The IκB kinase (IKK) complex contains kinase subunits IKKα, IKKβ and regulatory subunit IKKγ (Nemo), or IKK-related kinases (TBK1 and IKKε). IKK complex plays essential roles in innate immunity via activating the NF-κB and IRF signaling [49]. It has been reported that IKKε interacts with and directly phosphorylates YAP at S419, induces YAP degradation through lysosomes, resulting in relief of the repression effect of YAP on antiviral immunity upon viral stimulation [50]. Thus, IKKε modulates YAP activity by phosphorylation as a negative regulator.
MEKK3 and MEKK5
MEKK3 (mitogen-activated kinase kinase kinase 3, MAP3K3) is a serine/threonine protein kinase belongs to MAP3K family. MEKK3 has multiple functions including phosphorylation of IKK and activation of the NF-κB signaling [49]. Emerging evidence elucidated MEKK3 has multifaceted roles in modulating YAP activity [51]. Upon stimulation, MEKK3 phosphorylates and activates LATS1/2 in MST1/2 and MAP4Ks independent manners. Moreover, MEKK3 directly interacts with and phosphorylates YAP at S371, resulting in inhibitory regulation of YAP transcriptional activity [52].

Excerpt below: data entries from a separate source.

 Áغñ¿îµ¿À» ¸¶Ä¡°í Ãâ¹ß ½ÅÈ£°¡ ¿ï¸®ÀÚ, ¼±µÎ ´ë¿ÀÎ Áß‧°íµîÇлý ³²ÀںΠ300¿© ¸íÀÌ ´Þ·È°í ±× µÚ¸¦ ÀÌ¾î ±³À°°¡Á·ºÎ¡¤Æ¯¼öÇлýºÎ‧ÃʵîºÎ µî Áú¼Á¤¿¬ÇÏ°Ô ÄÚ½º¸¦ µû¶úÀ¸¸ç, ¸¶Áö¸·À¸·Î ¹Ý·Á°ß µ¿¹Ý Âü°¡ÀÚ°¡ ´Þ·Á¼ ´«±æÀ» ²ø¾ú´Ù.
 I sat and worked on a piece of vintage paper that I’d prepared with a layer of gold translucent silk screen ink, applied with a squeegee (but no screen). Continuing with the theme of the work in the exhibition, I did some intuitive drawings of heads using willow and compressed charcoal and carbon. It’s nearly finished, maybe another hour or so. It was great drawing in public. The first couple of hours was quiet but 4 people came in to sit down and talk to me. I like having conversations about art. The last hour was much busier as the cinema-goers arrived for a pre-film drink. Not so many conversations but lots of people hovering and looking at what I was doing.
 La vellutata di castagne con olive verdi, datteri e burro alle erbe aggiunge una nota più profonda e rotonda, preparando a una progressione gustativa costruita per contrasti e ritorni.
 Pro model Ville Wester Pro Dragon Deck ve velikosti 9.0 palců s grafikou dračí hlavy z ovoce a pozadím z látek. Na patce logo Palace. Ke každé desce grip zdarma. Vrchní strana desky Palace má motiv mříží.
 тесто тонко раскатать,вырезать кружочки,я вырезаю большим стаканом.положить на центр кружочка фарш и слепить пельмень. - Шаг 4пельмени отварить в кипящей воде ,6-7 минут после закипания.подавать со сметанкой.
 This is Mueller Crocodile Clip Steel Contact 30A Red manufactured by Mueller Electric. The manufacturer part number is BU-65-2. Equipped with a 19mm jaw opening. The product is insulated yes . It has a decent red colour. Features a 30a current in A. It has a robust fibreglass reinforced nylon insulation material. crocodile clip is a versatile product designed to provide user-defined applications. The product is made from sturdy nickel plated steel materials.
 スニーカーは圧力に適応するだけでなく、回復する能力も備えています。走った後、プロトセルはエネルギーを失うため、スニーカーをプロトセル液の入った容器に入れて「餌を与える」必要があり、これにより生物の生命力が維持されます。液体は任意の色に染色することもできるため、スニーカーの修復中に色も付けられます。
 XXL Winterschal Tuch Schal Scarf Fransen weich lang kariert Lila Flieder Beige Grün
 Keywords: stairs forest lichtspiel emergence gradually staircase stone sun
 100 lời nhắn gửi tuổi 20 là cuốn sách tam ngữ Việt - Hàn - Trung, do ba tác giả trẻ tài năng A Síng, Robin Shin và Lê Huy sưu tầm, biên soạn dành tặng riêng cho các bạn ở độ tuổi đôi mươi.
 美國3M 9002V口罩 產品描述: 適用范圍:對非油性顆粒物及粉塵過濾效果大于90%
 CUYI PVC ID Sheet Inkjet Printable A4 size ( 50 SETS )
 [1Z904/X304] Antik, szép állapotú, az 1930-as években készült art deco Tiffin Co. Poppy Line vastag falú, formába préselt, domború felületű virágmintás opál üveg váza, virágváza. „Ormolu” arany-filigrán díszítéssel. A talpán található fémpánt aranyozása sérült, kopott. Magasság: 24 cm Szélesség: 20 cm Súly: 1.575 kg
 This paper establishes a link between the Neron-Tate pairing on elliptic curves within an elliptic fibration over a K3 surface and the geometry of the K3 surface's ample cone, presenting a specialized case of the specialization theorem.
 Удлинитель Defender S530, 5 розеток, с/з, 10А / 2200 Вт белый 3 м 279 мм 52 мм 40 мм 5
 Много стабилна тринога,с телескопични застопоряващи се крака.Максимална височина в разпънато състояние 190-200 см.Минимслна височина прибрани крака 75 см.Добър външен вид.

MEKK5 (mitogen-activated kinase kinase kinase 5, also ASK1) is a member of MAP3K family. Our previous study has demonstrated that MEKK5 plays inhibitory role in regulation of E3 ligase NEDD4-mediated lung cancer cell migration [53]. Moreover, we identified that MEKK5 participates in regulation of TAZ signaling, MEKK5 interacts with and inactivates TAZ, leads to TAZ cytoplasmic retention in a kinase-dependent manner [54].
GSK3
Glycogen synthase kinase 3 (GSK3) is a serine/threonine kinase that implicated in a number of cellular functions. Similar to β-catenin, which is phosphorylated by GSK3 and subsequently recognized by β-TrCP, TAZ is directly phosphorylated by GSK3 at S58 and S62 that compose its N-terminal phosphodegron, resulting in TAZ degradation by UPS [55]. Meanwhile, Azzolin et al. found that GSK3 destabilizes TAZ in a kinase-dependent but indirect manner [56]. In this vein, GSK3 phosphorylates and endows with β-catenin as a bridge between TAZ and β-TrCP, thus fosters TAZ proteasomal degradation. Collectively, by direct and indirect effects, GSK3 functions as an inhibitory regulator of TAZ.
The non-hippo kinases that regulate YAP/TAZ indirectly
In addition to direct activation or inhibition by phosphorylation of YAP/TAZ, some non-Hippo kinases regulate the YAP/TAZ signaling without direct phosphorylation of YAP/TAZ. These kinases modulate the YAP/TAZ signaling through phosphorylation or regulation of assembly of the Hippo cascade components, thus effect the Hippo signaling and YAP/TAZ (Table 3).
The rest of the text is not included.